No hay maldición, tampoco muerte, sino vida, o en este caso una insólita
preservación vital, casi sobrenatural, de cuanto siempre concernirá a unas
certezas de primavera, aquellas en las que esperamos, y porque sabemos que será
así, ver a las ramas florecer y reverdecer; tal vez en lo que escribiera Goethe
de la iconografía para un destino sobredicho en el árbol frutal de la imagen, o
de su icono trascendente; de un milagro al que solo hay que esperar, también
creer, más allá del lienzo de lanzas que hienden y separan las cenizas de la costumbre,
de las rutinas, de las sombras lineales de los espíritus que salvan con la
nevada las semillas o frutos del vivo color de los crepúsculos encarnados; como
si los copos de nieve, sumando la quimera, ardiesen con el ardor de las risas y
confianzas de niños y mayores en otras postales anteriores y en los ensueños
teñidos de nevisca y luces de invierno.
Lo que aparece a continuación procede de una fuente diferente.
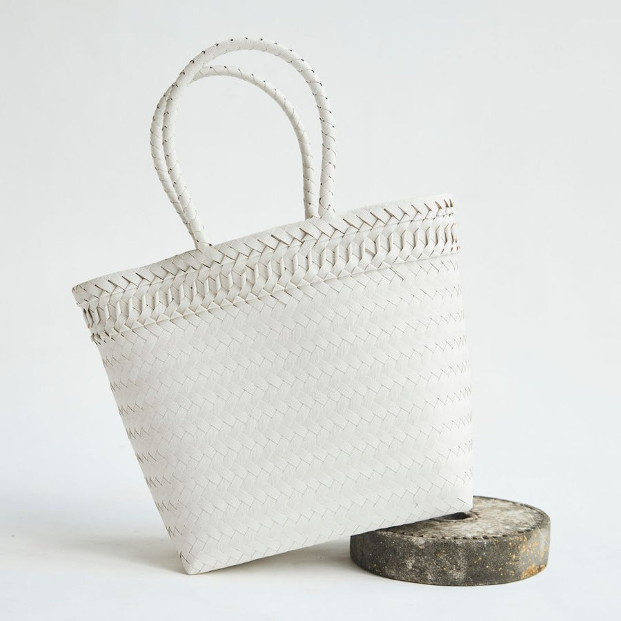 Elegant and unique hand-woven texture, simple but stylish, and it effortlessly matches everything in your wardrobe - this Woven Rattan Tote Bag in White is a must-have fashion accessory.

Un momento para la vida, precisamente en
una estación definida por el tránsito, el intermedio, por la extinción de lo existido,
menos el recuerdo, para asentar a lo que queda por vivir; cuando la nieve, súbita
y abrumadora, la que no rompe las ramas del sauce en el apunte de un proverbio
japonés, aquí rehace al indiscutible árbol de navidad con su derroche
nostálgico, escarchado, animado, con sus adornos de bolas incandescentes, de
pequeñas candelas expectantes por encender la vida en todos. INVIERNO 7. Al
fondo de calle Polvero. Barrio San Francisco. Ronda.